[Required work]: Restate the listing below word for word. No picture belongs in the result.

[Supplied material]:
══════════

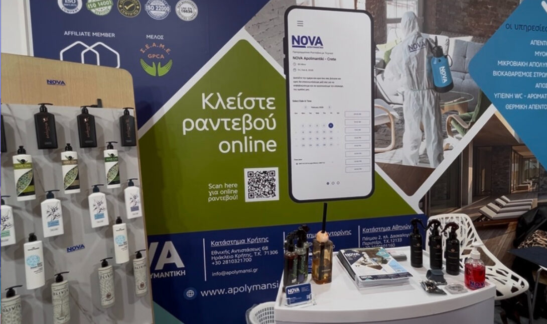 Μέσα από το περίπτερό της, η Nova είχε την ευκαιρία να επικοινωνήσει με επιχειρηματίες και στελέχη του τουρισμού σχετικά με τις ανάγκες τους για καθαριότητα, απολύμανση και πρόληψη από έντομα και μικρόβια – υπηρεσίες που αποτελούν κρίσιμη παράμετρο για την υγιεινή και ασφάλεια των χώρων φιλοξενίας.
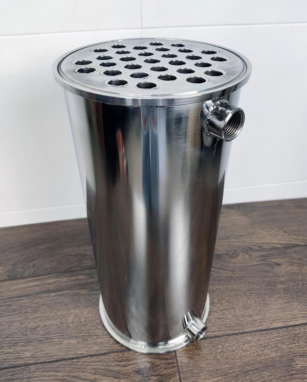 Характеристики товару: • Дефлегматор (конденсер) 6"• Загальна висота: 350мм;• Кількість трубок: 31 трубка по 14 мм• Наявність перегородок: 3 перегородки (для завихрення потоку охолоджувальної рідини);• Розрахункова робоча потужність: до 15 кВт (при роботі "на себе") • Підвід води: різьба внутрішня 1/2" (швидкоз'єми в комплект товару не входять!)• Матеріал: нержавіюча сталь AISI304
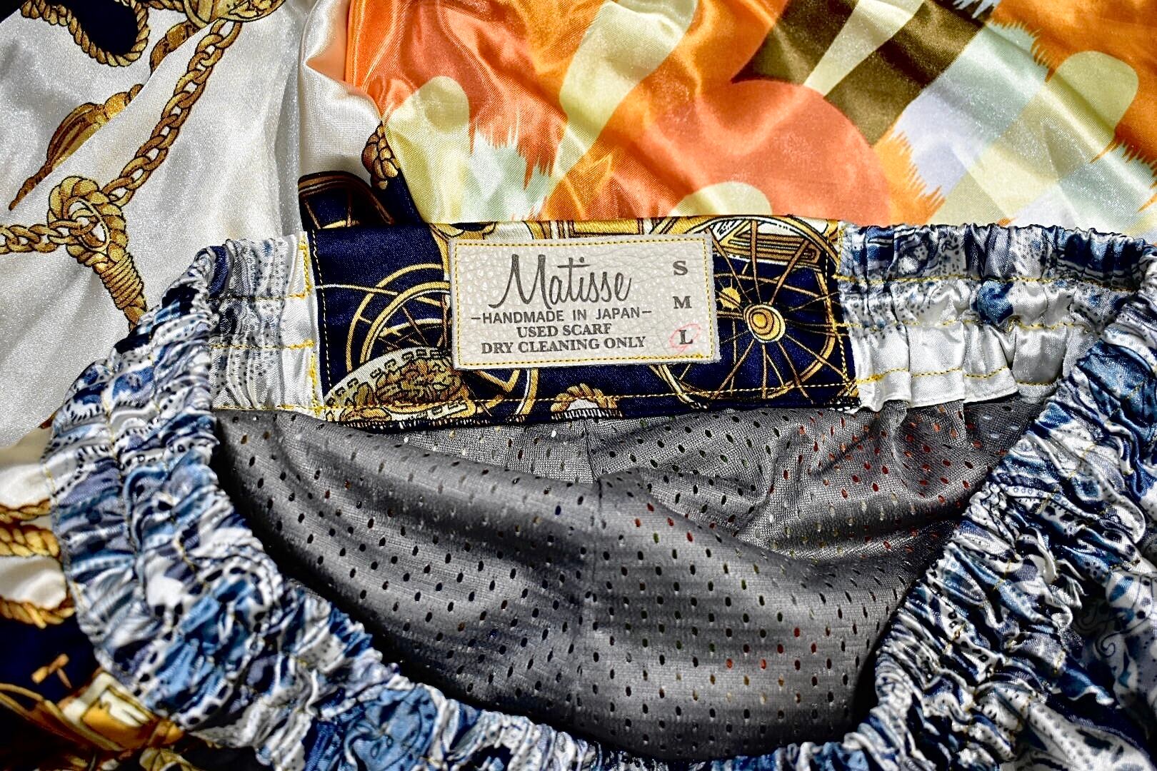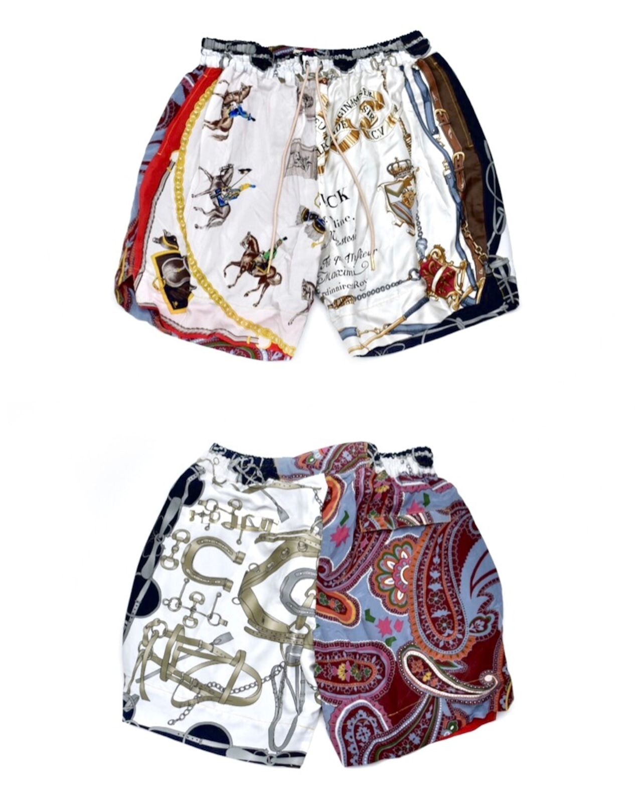 USED スカーフをパッチワークしたバスケットボール ショーツ。

══════════

[Output of the task]:
 Μέσα από το περίπτερό της, η Nova είχε την ευκαιρία να επικοινωνήσει με επιχειρηματίες και στελέχη του τουρισμού σχετικά με τις ανάγκες τους για καθαριότητα, απολύμανση και πρόληψη από έντομα και μικρόβια – υπηρεσίες που αποτελούν κρίσιμη παράμετρο για την υγιεινή και ασφάλεια των χώρων φιλοξενίας.
 Характеристики товару: • Дефлегматор (конденсер) 6"• Загальна висота: 350мм;• Кількість трубок: 31 трубка по 14 мм• Наявність перегородок: 3 перегородки (для завихрення потоку охолоджувальної рідини);• Розрахункова робоча потужність: до 15 кВт (при роботі "на себе") • Підвід води: різьба внутрішня 1/2" (швидкоз'єми в комплект товару не входять!)• Матеріал: нержавіюча сталь AISI304
 USED スカーフをパッチワークしたバスケットボール ショーツ。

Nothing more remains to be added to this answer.